Class Test Scores

From the information above, if we let $G$ represent girls and $B$ represent boys, we have:

- $\mu_{G} = 86, \sigma_{G}=4$

- $\mu_{B} = 81, \sigma_{B} = 3$

The question is asking us for $P(G>B)$ , or the probability of a girl test score being greater than the boy test score. This is equivalent to finding $P(G-B>0)$ , or the probability of a girl test score MINUS the boy test score being greater than 0. And, since the test scores are Normally distributed, we can thus standardize this distribution.

$z = \dfrac{x-\mu}{\sigma} \implies z_{G-B} = \dfrac{x-\mu_{G-B}}{\sigma_{G-B}}$

We can find $\mu_{G-B}$ and $\sigma_{G-B}$ using rules for means and variances.

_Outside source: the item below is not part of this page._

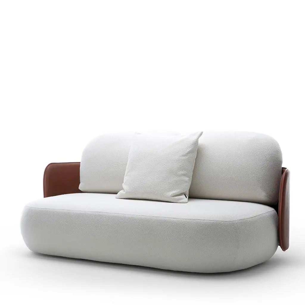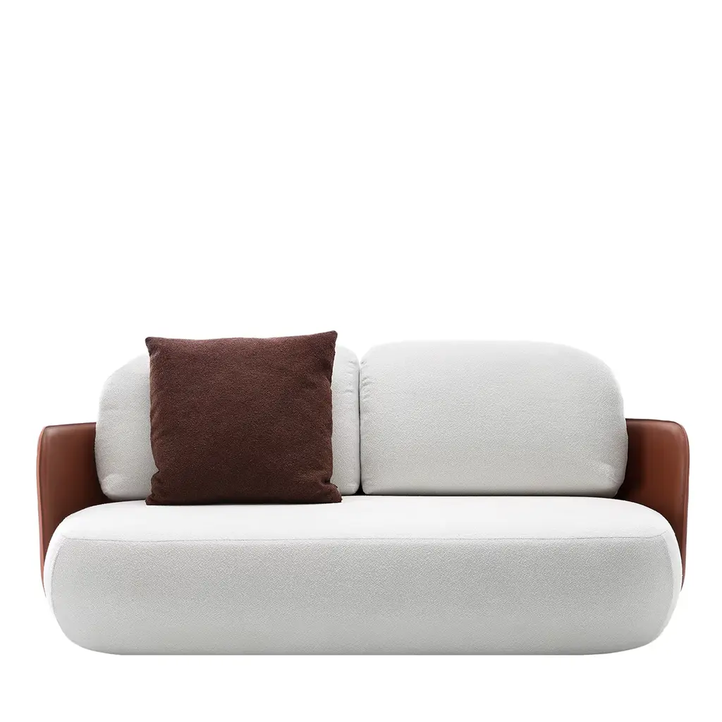 Precious sartorial details meets the playfulness of generous volumes inspired by the eponymous Japanese rice cake in this glamorous outdoor sofa. Designed for complementing refined contemporary-style terraces or patios thanks to its high resistance to humidity and sun exposure, it sports plump cushions covered in bright-white Blaze fabric enveloped by a curved back shell sealed by prized brown saddle leather for a luxurious feel. If the products are placed completely outside, nightcovers that can be purchased at an extra price are recommended. Please contact the Concierge for further information. Decorative cushion is not included.

- $\mu_{G-B} = \mu_{G} - \mu_{B} = 86 - 81 = 5$

- $\sigma_{G-B}^2 = \sigma_{G}^2 + \sigma_{B}^2 = (4)^2 + (3)^2 = 25 \implies \sigma_{G-B} = \sqrt{25} = 5$

Using the above z-score formula, we can standardize this distribution with $x=0$ :

$z_{G-B} = \dfrac{0-5}{5} = -1$ .

Therefore, we have $P(G-B>0)=P(z>-1)$ . Using a z-score table, we have that the area to the left of a z-score of $-1$ is approximately $0.1587$ . However, we want the area GREATER than the z-score of $-1$ , so it would be to the right. Therefore,

$P(G-B>0)=P(z>-1)=1-(0.1587)=0.8413$ .

Rounded to the nearest percent, the probability that a randomly selected girl in your class has a higher test score than a randomly selected boy in your class is $\boxed{84\%}$ .